## [Task goal]
Transcribe the listing verbatim, please, with images dropped.

## [Source data]
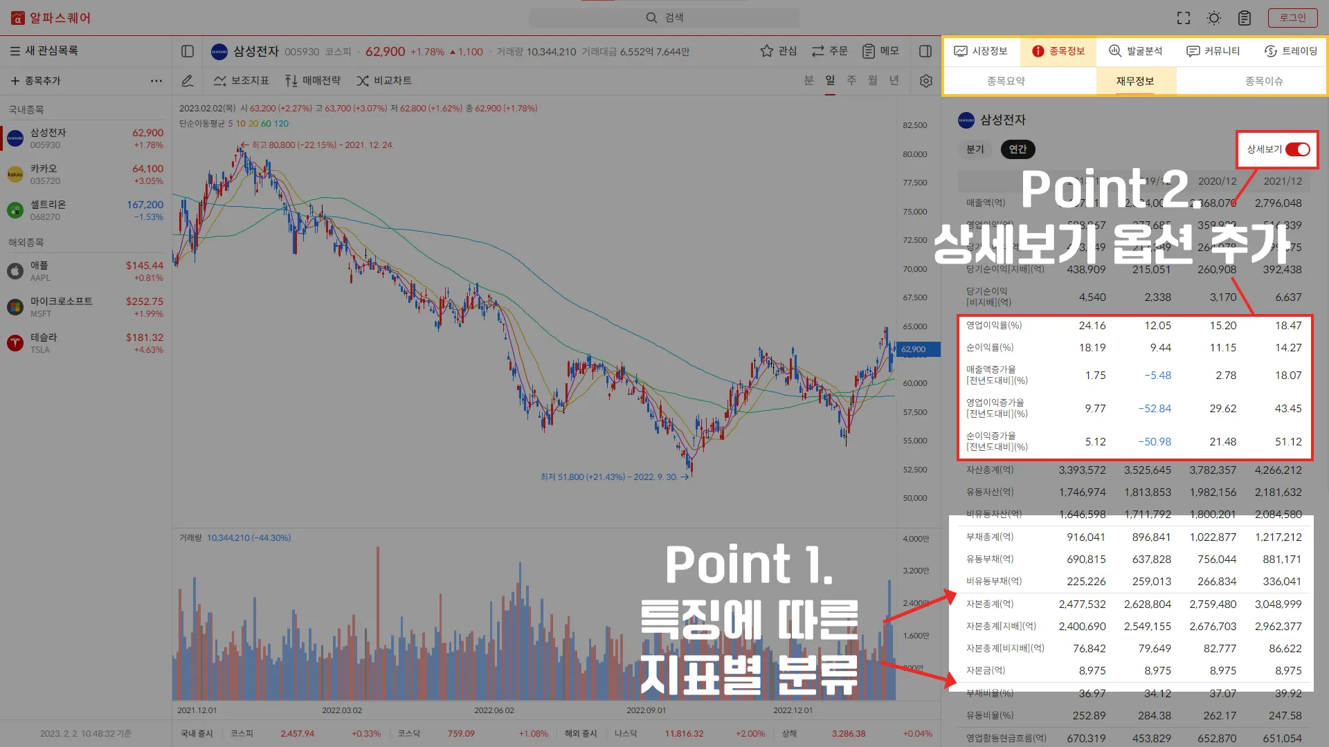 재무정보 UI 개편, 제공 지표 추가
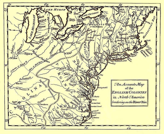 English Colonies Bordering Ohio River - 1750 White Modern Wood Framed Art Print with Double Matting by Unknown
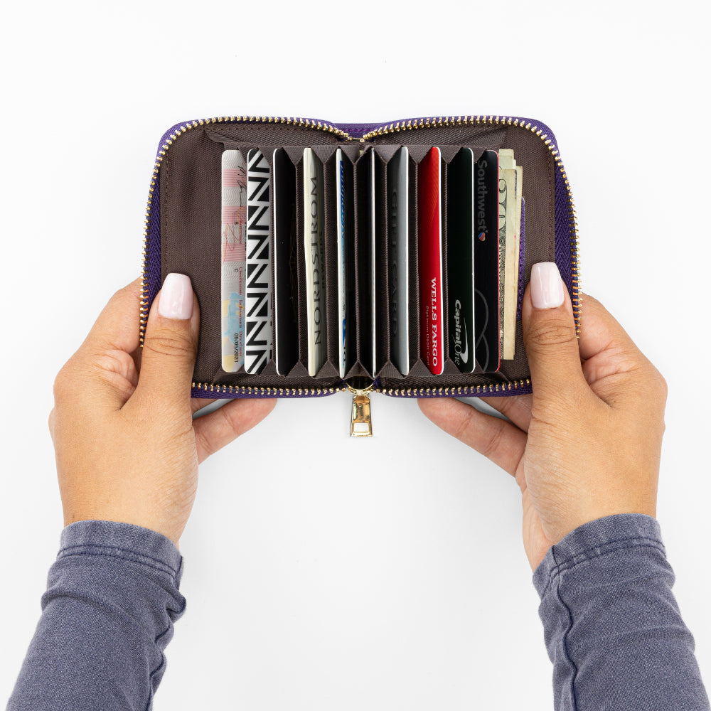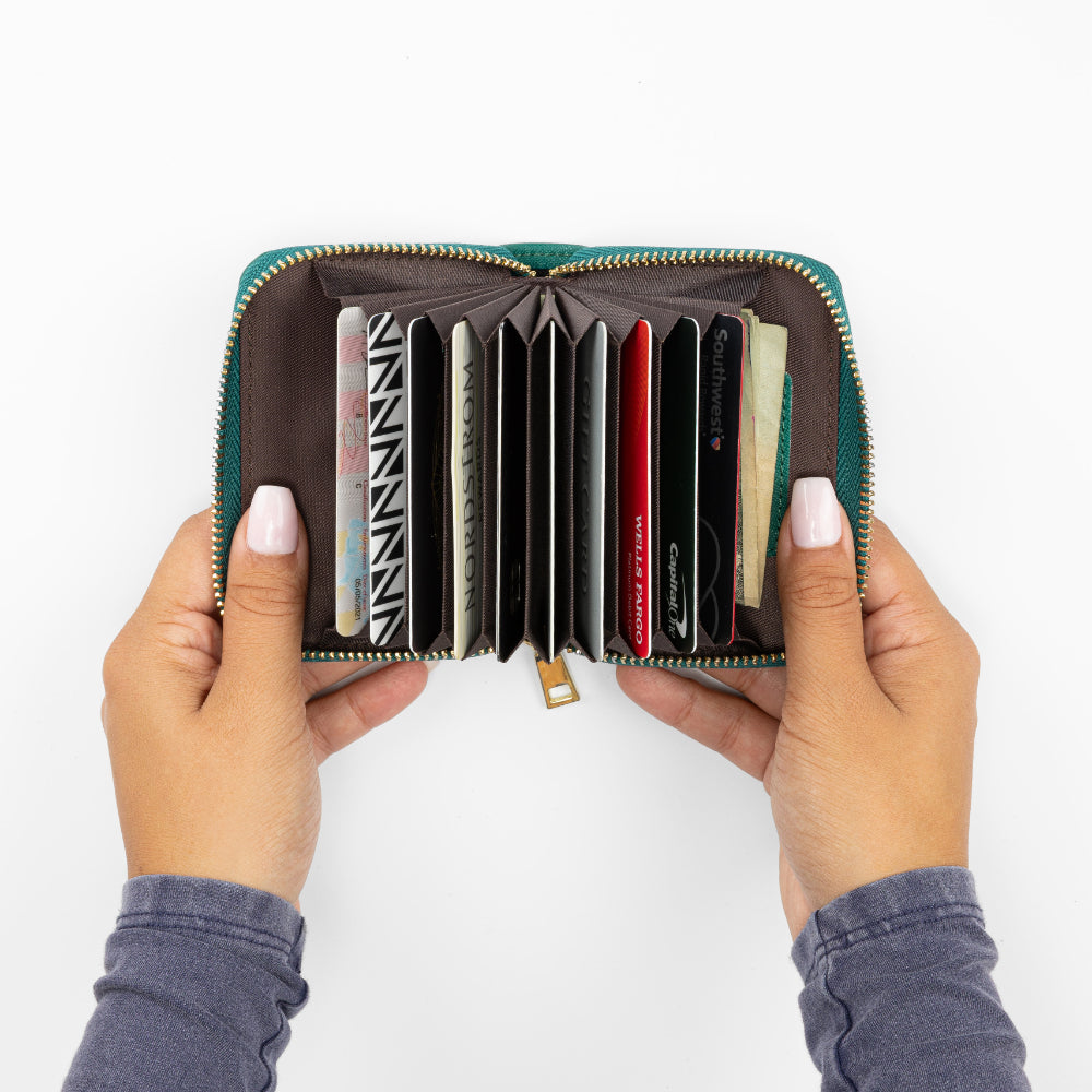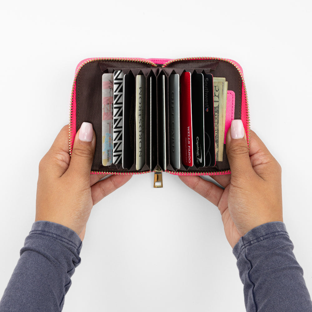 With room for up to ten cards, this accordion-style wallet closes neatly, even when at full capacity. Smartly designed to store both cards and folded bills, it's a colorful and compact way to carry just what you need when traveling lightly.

## [The completed task]
 재무정보 UI 개편, 제공 지표 추가
 English Colonies Bordering Ohio River - 1750 White Modern Wood Framed Art Print with Double Matting by Unknown
 With room for up to ten cards, this accordion-style wallet closes neatly, even when at full capacity. Smartly designed to store both cards and folded bills, it's a colorful and compact way to carry just what you need when traveling lightly.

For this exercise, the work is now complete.